Mobile and Online Loyalty Programs Mean More Work for IT

New regulations that are sweeping across the banking industry, particularly the Durbin amendment to the Dodd/Frank Act, have financial institutions and other card issuers scrambling to find alternative ways to boost fee income as traditional revenue streams tighten over time.

In many cases, these new products involve loyalty perks or coupons tied to mobile apps, online banking, location-based marketing or other digital commerce, which places pressure on bank IT systems to handle extra maintenance, cross channel integration and data management chores.

"These new products place stresses…there's obviously going to be more integration across multiple channels," says Zachary Aron, a principal at Deloitte Consulting, and one of the analysts who offered an analysis of the new digital loyalty market. "You'll also need to be able to track that type of spending appropriately, so you can have a real-time account balance. And on the back end, the Holy Grail is capturing spending data and making sense of it."

There are already numerous examples of card firms, banks and credit unions tying the popularity of mobile phones and location-based shopping to programs designed to get financial customers to use their products for mobile commerce.

Zil Bareisis, a senior analyst at Celent, also says the introduction of mobile loyalty programs makes the game more complex for IT departments charged with making sure the programs work.

"Loyalty is easier to do in the online environment," he says. "But with mobile at the point of sale, you can have sales agents at a merchant's location walking around to approach consumers, or the consumers walking around with their mobile devices," he says. "So you are almost starting to replicate the online shopping environment, only since it's with mobile phones the merchant is much closer to the customer, where decisions can be made more instantly."

Aron says these new loyalty programs will increase the need to capture more data faster, and tie that data to a personalized offer via quick analysis. Since most institutions still can't afford to replace their entire core system, the key to making mobile-enabled coupon and loyalty programs work consistently will be strong middleware. "You're talking about the orchestration [of the new marketing programs] and the trigger mechanism of the offer," he says. "The skills required here include the ability to integrate multiple systems…you can't just plug and play."

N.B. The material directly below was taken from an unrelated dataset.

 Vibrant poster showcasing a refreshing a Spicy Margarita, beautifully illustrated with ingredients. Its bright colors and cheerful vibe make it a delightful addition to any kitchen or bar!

For example, American Express's Smart Offers API program, lets consumers link a card account to their profile on a social media site such as Facebook or Foursquare. Then they can redeem special offers automatically by "loading" the offers to their American Express Card within the app and using the card at the merchant location. The American Express APIs also enable notifications, so when enrolled cardmembers use their American Express card to pay, they will receive a message indicating that a statement credit will be issued. A product like this requires quick coordination between the platforms that manage the cardholder's account, the user's identity authentication, and the merchant's transaction systems.

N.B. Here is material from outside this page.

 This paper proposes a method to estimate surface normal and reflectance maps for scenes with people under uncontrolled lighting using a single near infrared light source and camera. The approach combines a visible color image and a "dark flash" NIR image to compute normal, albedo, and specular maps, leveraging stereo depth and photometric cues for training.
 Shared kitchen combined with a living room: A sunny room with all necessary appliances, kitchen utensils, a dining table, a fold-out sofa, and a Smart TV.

"American Express built the Smart Offer APIs to enable merchants to easily and effectively measure the success of their location-based marketing efforts and to offer tailored specials to card members without investing time and money in training staff to decipher a coupon code or process a coupon-based offer," says Dave Wolf, vp of global business & market development for American Express. Wolf did not offer specific details on how maintenance and performance of the enabling technology are managed to ensure access, saying the maintenance is managed across the firm's business units and with its digital partners. "In digital and especially mobile, the simplicity and non-clunkiness of the user experience is key."

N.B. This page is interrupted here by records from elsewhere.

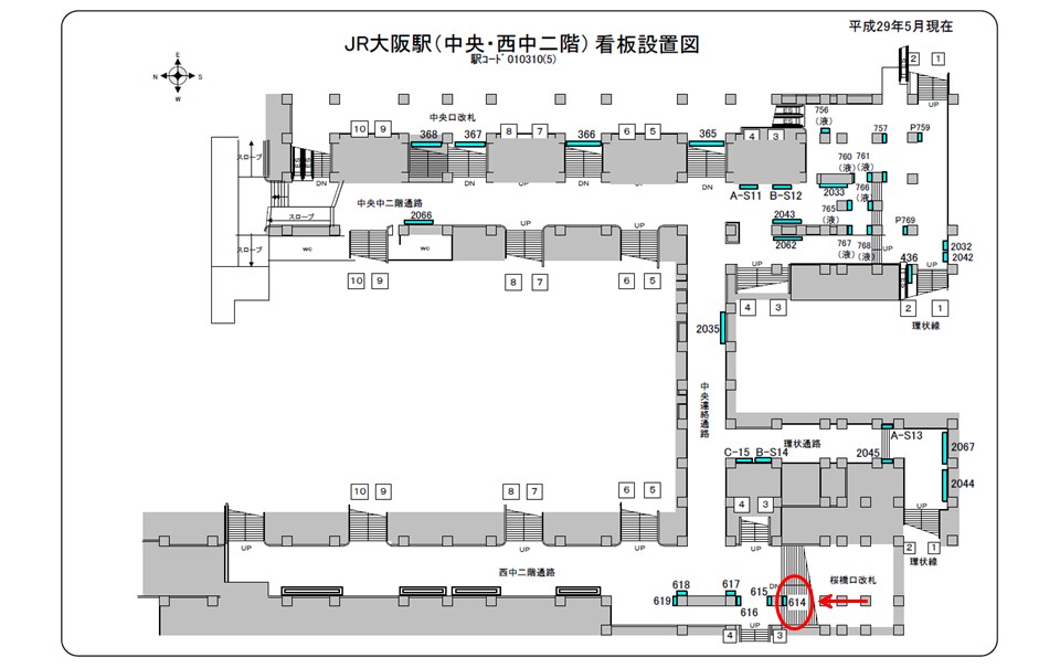JR大阪駅柵内西中二階通路柱に設置された電照タイプの看板です。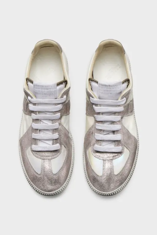 The Replica Iridescent sneakers are crafted in smooth calfskin and a glitter suede with a high-shine finish and iridescent coating that reflects coloured tones in the light. The Maison's iconic Replica sneakers are inspired by Austrian sports shoes from the seventies. Details on the Replica pairs are continually reworked in line with the season's inspirations.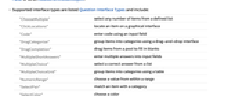"ChooseMultiple" select any number of items from a defined list "ClickLocations" locate an item on a graphical interface "Code" enter code using an input field "DragCategorize" group items into categories using a drag-and-drop interface "DragCompletion" drag items from a pool to fill in blanks "MultipleShortAnswers" enter multiple answers into input fields "MultipleChoice" select a correct answer from a list "MultipleChoiceGrid" group items into categories using a table "NumericRange" choose a value from within a range "SelectPair" match an item with a category "SelectColor" choose a color "SelectCompletion" choose text to fill in a blank "ShortAnswer" enter an answer using an input field "Sort" order a list using a drag-and-drop interface "TextCompletion" type text to fill in a blank "TrueFalse" determine whether a question is true or false - QuestionObject supports the following options: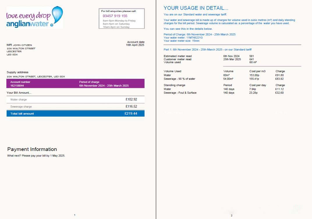 United Kingdom Anglian Water utility bill template in Word and PDF formats, 2 pages download template file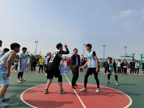 10月29日中午,足球心水论坛 在仁爱篮球场举行2021级新生篮球赛决赛。足球心水论坛 党委副书记田秋实为决赛开球并为获奖队伍颁奖。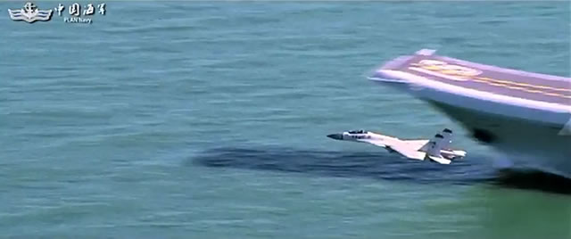 - While the scenes showing fighters and Liaoning aircraft carrier at

Executing loyalty programs properly goes a long way toward getting consumers to actually use the program. Loyalty marketing consulting and research firm Colloquy says the average American household is enrolled in 18 different loyalty programs (counting mobile and more traditional loyalty programs), but only participate in about eight of those programs at any given time. The firm also says that about half of the perceived annual value of loyalty programs (the total of what all consumers nationwide believe special offers are worth, based on Colloquy's analysis) come from credit and debit-related reward programs.

As these loyalty programs become more digital and available on handsets, maintaining the flow of accurate data between CRM, point of sale, and an financial institution's database will be just as important as speedy access-requiring regular data scrubbing and automated updates to user accounts in real time as new transactions are executed. "Consumers don't want to hear different messages from different channels," says Jim Sullivan, a partner at Colloquy.

The consulting firm says the interdepartmental IT integration within the card issuer also needs to expand-bringing marketing and other departments together in a common effort to engage consumers, including direct dialogue driven by point of sale and prior data analysis. "Now we're seeing a convergence around mobile techniques and payments," Sullivan says, adding that the growth of initiatives such as the Google Wallet is forcing all payments firms and card issuers to consider how the underlying tech behind payments and loyalty should be managed. "There's no standard. So there will be an experimentation across a number of platforms," Sullivan says.

A financial institution's corporate culture also plays a role in execution of loyalty programs. Colloquy mentioned U.S. Bank as a bank that's made strides in this area-a recent Colloquy white paper includes a description from U.S. Bank of its enterprise revenue office. That office works across departments such as payments, cards and consumer loans in an effort to link loyalty offers to a consumer's mix of relationships and transactions. Since the enterprise revenue office doesn't have P&L responsibility, it can be objective in determining that customer's best needs.